» What is being asked
Starting at the line that contains "ଖାଦ୍ୟରେ_ବ୍ୟବହାର_ହେବନି_ଅଶ୍ବଗନ୍ଧା_ପତ୍ର-ଅଶ୍ବଗନ୍ଧା ବ୍ୟବହାରକୁ ନେଇ", reproduce every line through the end of the entries below, with no pictures in the copy.

Extracted data below:

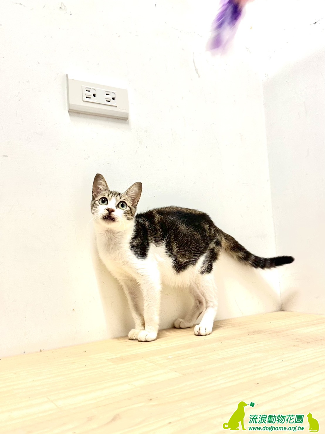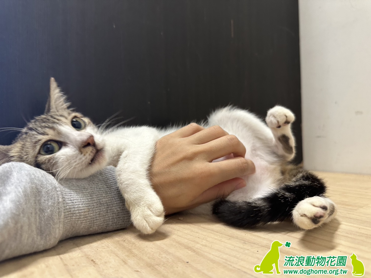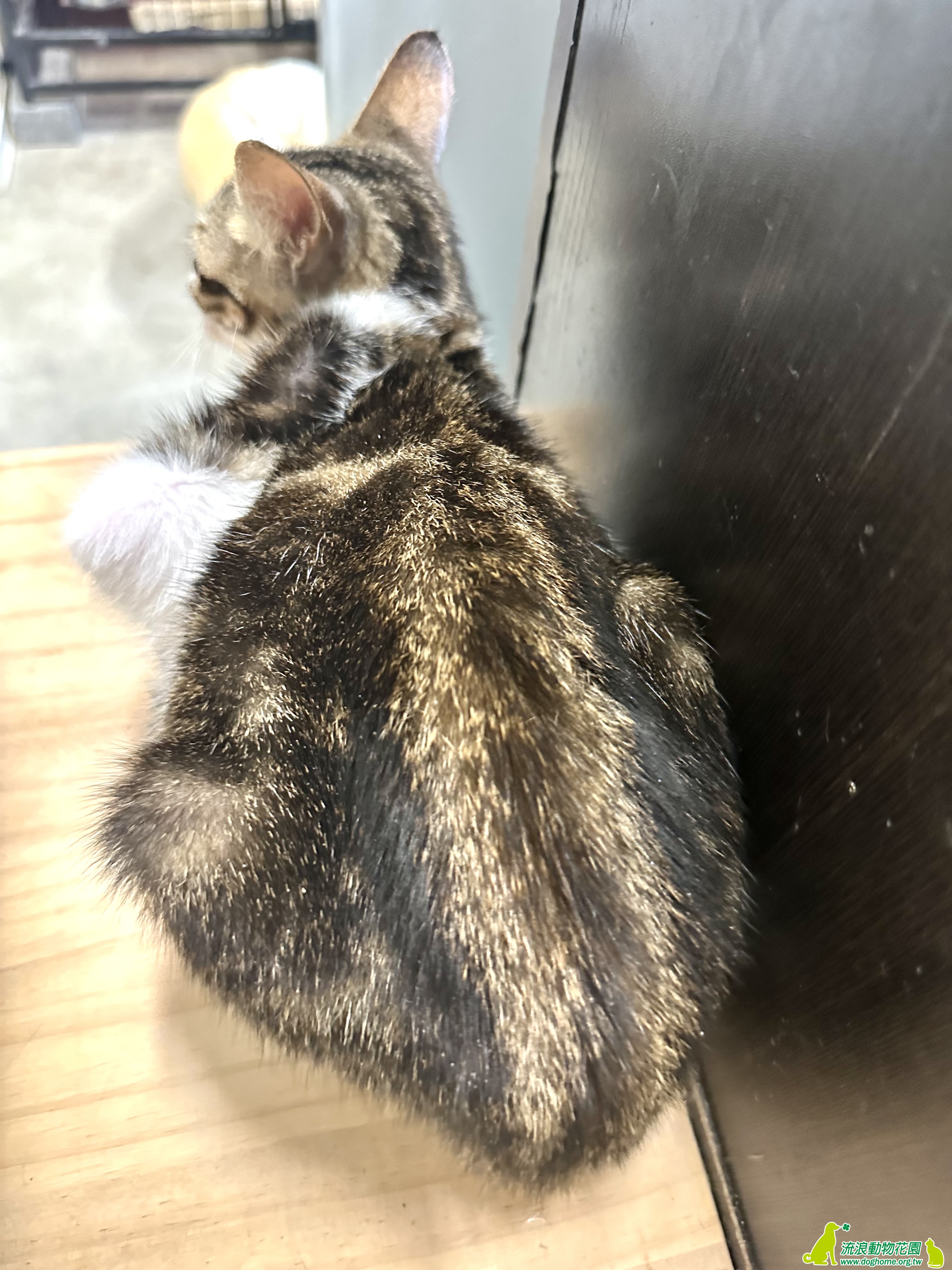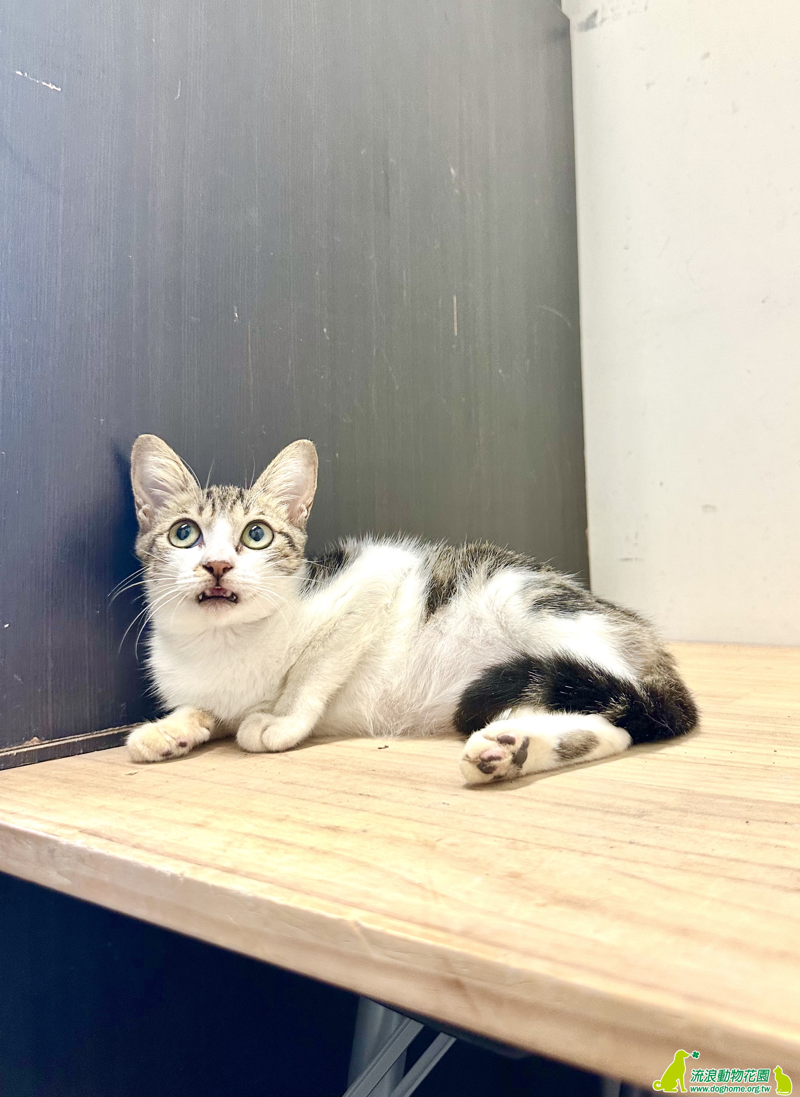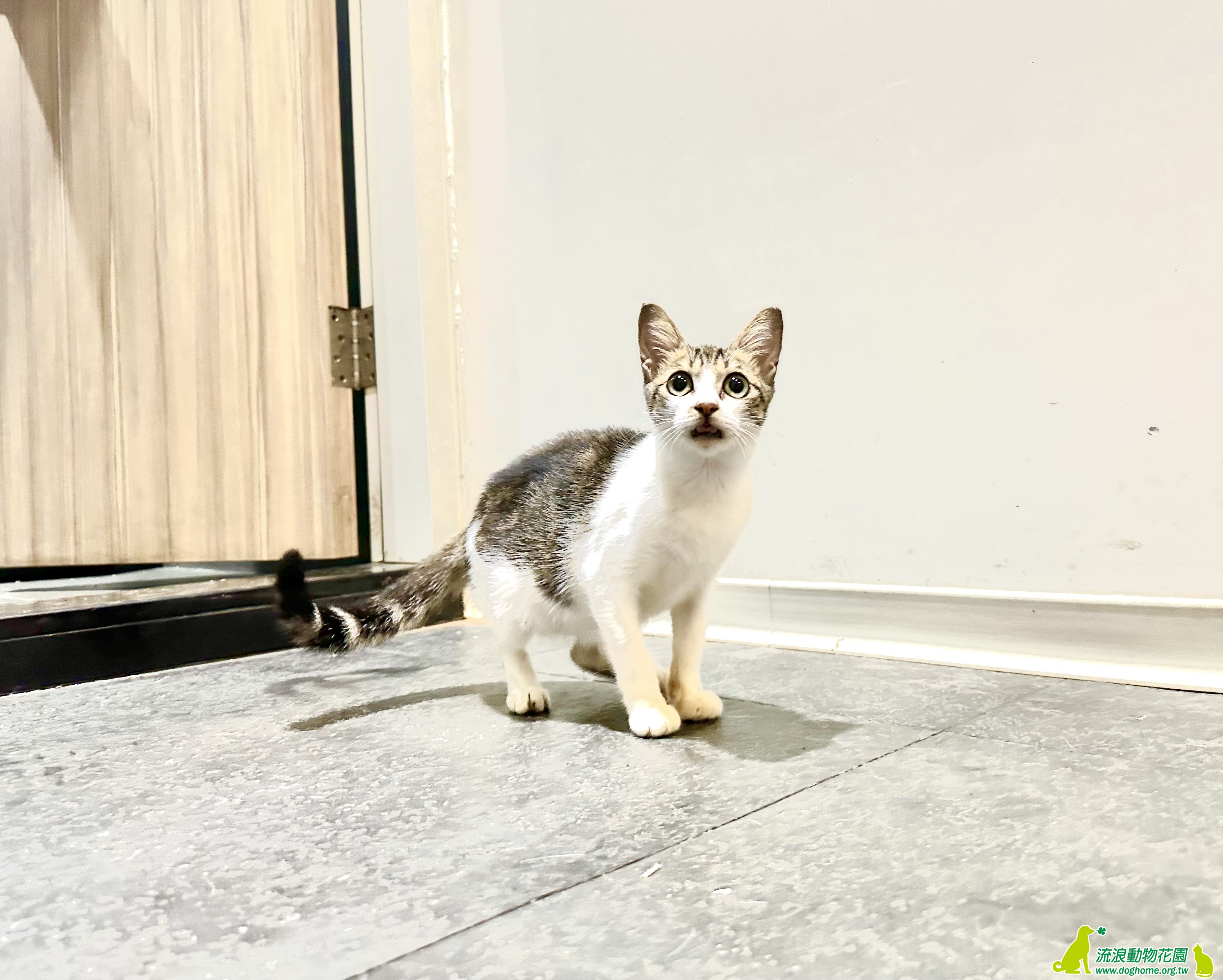 連日大雨,有一天傍晚在等垃圾車時聽到了喵叫聲,一看,竟然是一隻又瘦又小的貓,躲在同事的車旁,匆匆忙忙拿了罐頭和提籠,這不知道餓幾天的小朋友就傻傻地走進去籠子裡,不知道牠來自何處,但我們猜想是跟著協會定時餵養的浪貓來的。回到協會,趕緊幫牠洗熱水澡,抹去身上的髒汙和鼻頭結塊的分泌物,看起來有舒服許多,吹風的時候不停的呼嚕和喵叫,像是在道謝一樣。
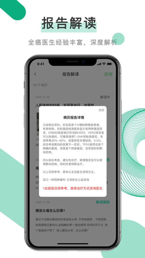 【报告解读】不管是复查化验报告、影像数据,亦或是基因检测报告,都有专业医生为您解读;
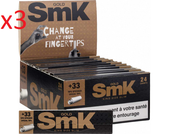 3 boites de 50 feuilles SMK gold slim.
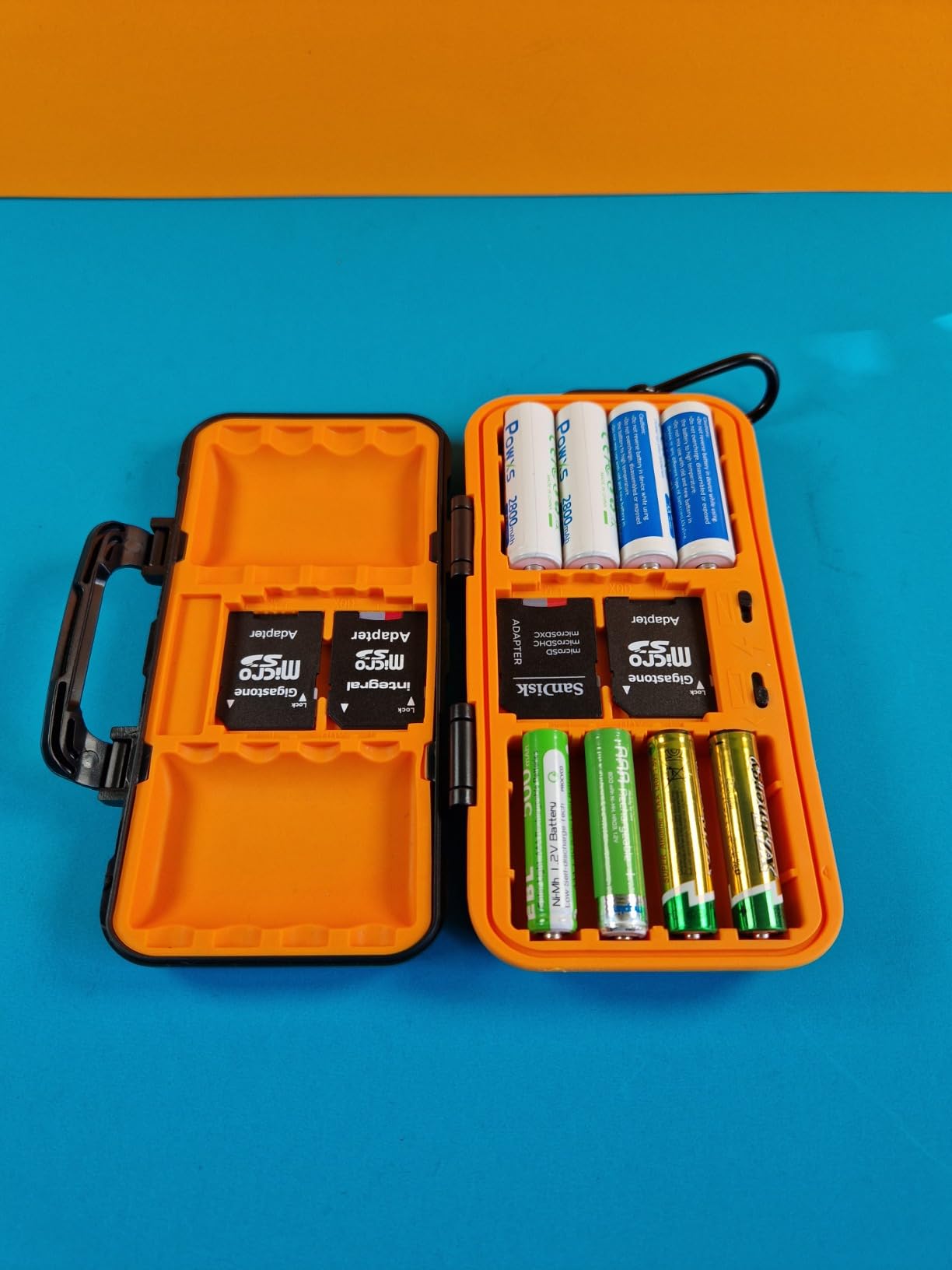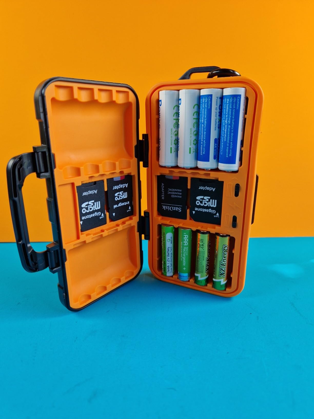 K&F Concept 16 slots geheugenkaart en camerabatterijhouder, waterbestendige SD CF TF-batterijhouder voor 2 camerabatterijen, 8 AAA-batterijen, 2 CF/XQD, 4 SD-kaarten en 6 kaarten TFA goede solide multifunctionele batterij en TF-kaarthouder Goede constructiekwaliteit. Geschikt voor 4 AAA-batterijen en 4 AA-batterijen 4 SD-KAARTEN en 4 micro SD-kaarten. 2 batterijen voor spiegelreflexcamera. Goede afdichting in gesloten toestand. Zeer duurzame en duurzame behuizing 5 sterren
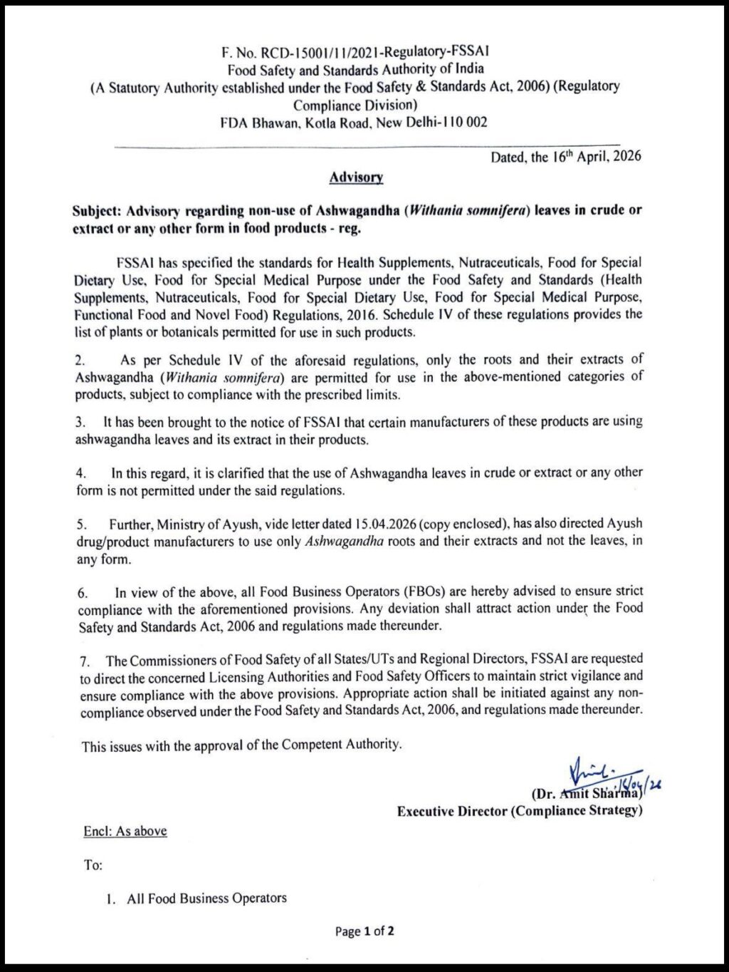 ଖାଦ୍ୟରେ_ବ୍ୟବହାର_ହେବନି_ଅଶ୍ବଗନ୍ଧା_ପତ୍ର-ଅଶ୍ବଗନ୍ଧା ବ୍ୟବହାରକୁ ନେଇ FSSAIର ବଡ ନିଷ୍ପତ୍ତି-ଖାଦ୍ୟରେ ଅଶ୍ବଗନ୍ଧା ପତ୍ର ନ ମିଶେଇବା ପାଇଁ ନିର୍ଦ୍ଦେଶାବଳୀ ଜାରି-କେବଳ ଅଶ୍ବଗନ୍ଧାର ଚେର ଆବଶ୍ୟକ ମାତ୍ରାରେ ବ୍ୟବହାର ଅନୁମତି
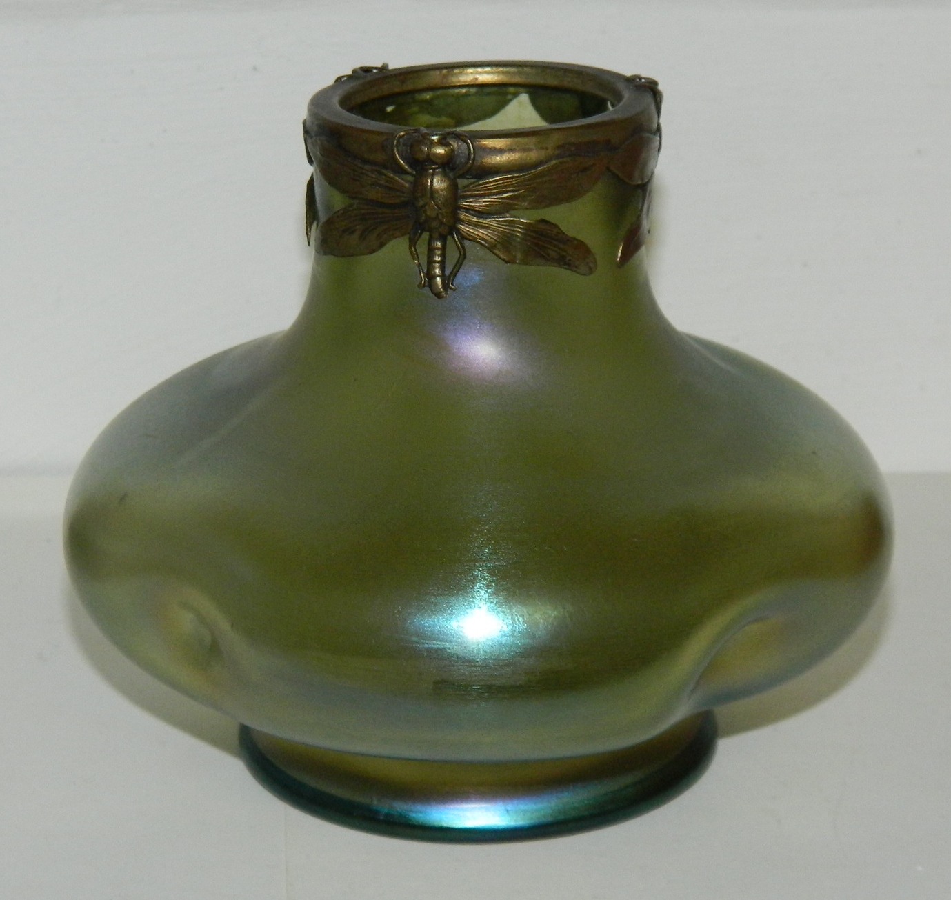 Art Nouveau: Bøhmisk Loetz glasvase med guldsmeddekoration
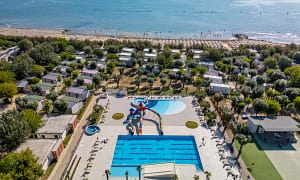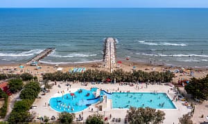 Camping bij Cesenatico, Adriatische Kust in Italië. Lagunezwembad met glijbaantjes. Neem het treintje over de camping. Op maar 20 km van pretpark Mirabilandia. Vlakbij stadje...

End of Extracted data.

» Response
 ଖାଦ୍ୟରେ_ବ୍ୟବହାର_ହେବନି_ଅଶ୍ବଗନ୍ଧା_ପତ୍ର-ଅଶ୍ବଗନ୍ଧା ବ୍ୟବହାରକୁ ନେଇ FSSAIର ବଡ ନିଷ୍ପତ୍ତି-ଖାଦ୍ୟରେ ଅଶ୍ବଗନ୍ଧା ପତ୍ର ନ ମିଶେଇବା ପାଇଁ ନିର୍ଦ୍ଦେଶାବଳୀ ଜାରି-କେବଳ ଅଶ୍ବଗନ୍ଧାର ଚେର ଆବଶ୍ୟକ ମାତ୍ରାରେ ବ୍ୟବହାର ଅନୁମତି
 Art Nouveau: Bøhmisk Loetz glasvase med guldsmeddekoration
 Camping bij Cesenatico, Adriatische Kust in Italië. Lagunezwembad met glijbaantjes. Neem het treintje over de camping. Op maar 20 km van pretpark Mirabilandia. Vlakbij stadje...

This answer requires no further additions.